The vaccine does cause local reactions and is associated with more tenderness and erythema than comparator vaccines. “The 4CMenB is also associated with more fever (38.5° C or higher) than routine vaccines,” Dr. Lebel indicated, occurring in up to 40% of infants who receive the vaccine. However, “the fever follows a very specific pattern,” he added, peaking about 6 hours after a dose but declining by day 2. Fever is absent by the third day. Dr. Lebel also noted that in the observer-blinded part of the infant study, when neither investigators nor parents knew if the infant had received the 4CMenB vaccine, the rate of medically attended fevers was about twice that following the 4CMenB vaccine than for comparator routine vaccines. On the other hand, during the open-label part of the study when parents did know if their child had received the 4CMenB vaccine, rates of medically attended fevers were similar between 4CMenB recipients and comparator vaccines.
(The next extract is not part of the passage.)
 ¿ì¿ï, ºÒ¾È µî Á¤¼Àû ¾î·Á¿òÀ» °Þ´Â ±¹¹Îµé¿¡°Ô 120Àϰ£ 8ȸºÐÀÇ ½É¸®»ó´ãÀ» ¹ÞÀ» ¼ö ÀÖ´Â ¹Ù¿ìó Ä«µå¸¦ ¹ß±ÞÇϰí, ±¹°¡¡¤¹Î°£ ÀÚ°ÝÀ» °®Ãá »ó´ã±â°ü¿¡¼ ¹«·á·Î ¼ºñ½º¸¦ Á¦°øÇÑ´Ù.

Prophylactic acetaminophen also significantly attenuates fever rates in infants, as Prymula et al. reported at ESPID 2011. For the study, 2 groups of infants received routine childhood vaccines plus the 4CMenB vaccine but 1 group received prophylactic acetaminophen 10 to 15 mg/kg, with 1 dose given prior to vaccination and 2 further doses separated by 4 to 6 hours given after vaccination. Only 1% of children who received prophylactic acetaminophen developed fever =39.5° C after any dose of the 4CMenB vaccine, Dr. Lebel reported.

In the booster dose study, reactogenicity of the 4CMenB vaccine was also compared to that caused by the measles-mumps-rubella-varicella vaccine (MMRV), the most reactogenic of paediatric vaccines. Although the pattern of fever varies between the 2 vaccines—fever with the 4CMenB vaccine occurring shortly after vaccination and that with the MMRV occurring about 8 days later—reactogenicity profiles were similar and neither systemic reactions nor immunogenicity was affected by concomitant administration of the 2 vaccines.
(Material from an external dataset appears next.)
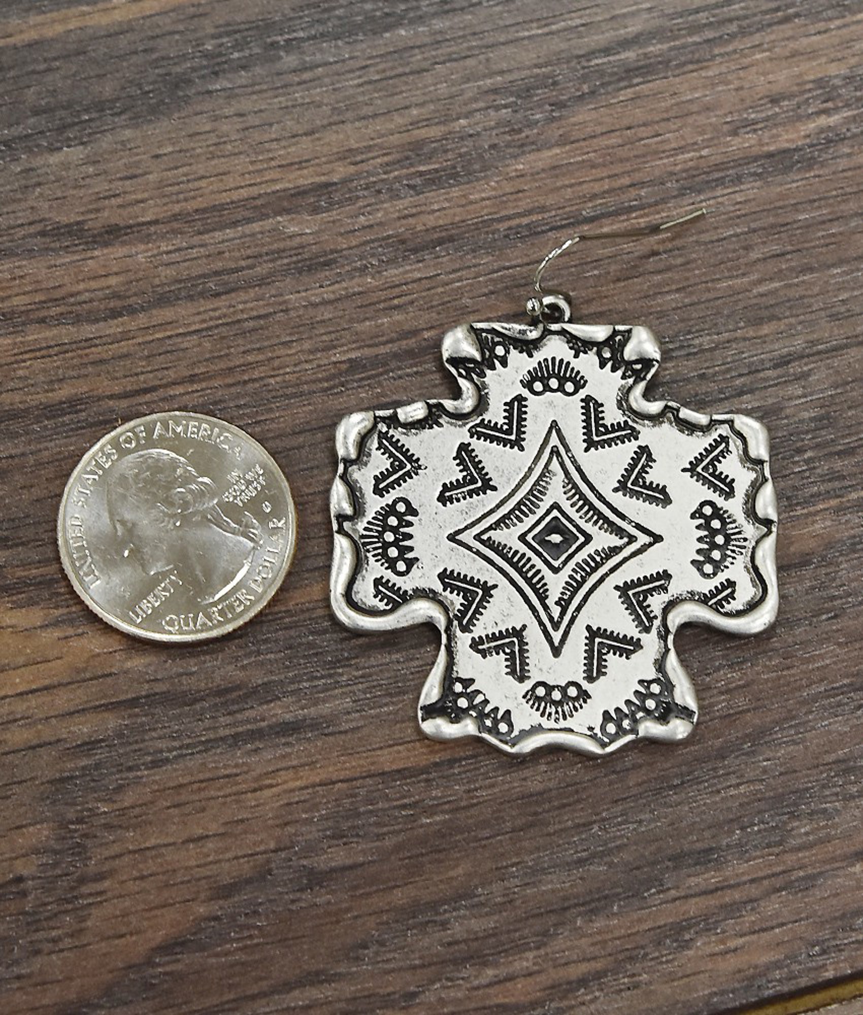 Aztec Cross Silver Hook Earrings

“Systemic reactogenicity is increased when the 4CMenB vaccine is given with routine childhood vaccines,” Dr. Lebel stated, “and the possibility of a child developing fever after the 4CMenB vaccine should be communicated to parents in the event of routine implementation if increased systemic reactogenicity is to be an accepted component in the control of this serious infection.”

Summary

Serogroup B meningococcal disease now accounts for the lion’s share of meningococcal disease in Canada today. A novel candidate vaccine against serogroup B disease, the 4CMenB vaccine, has been shown to be highly immunogenic, the first vaccine against meningococcal disease that can be used in infants where the risk of disease is highest. With an acceptable safety profile, the new 4CMenB vaccine has the potential to protect recipients against the last remaining serogroup causing meningococcal disease and close the chapter in the control of this serious vaccine-preventable infection.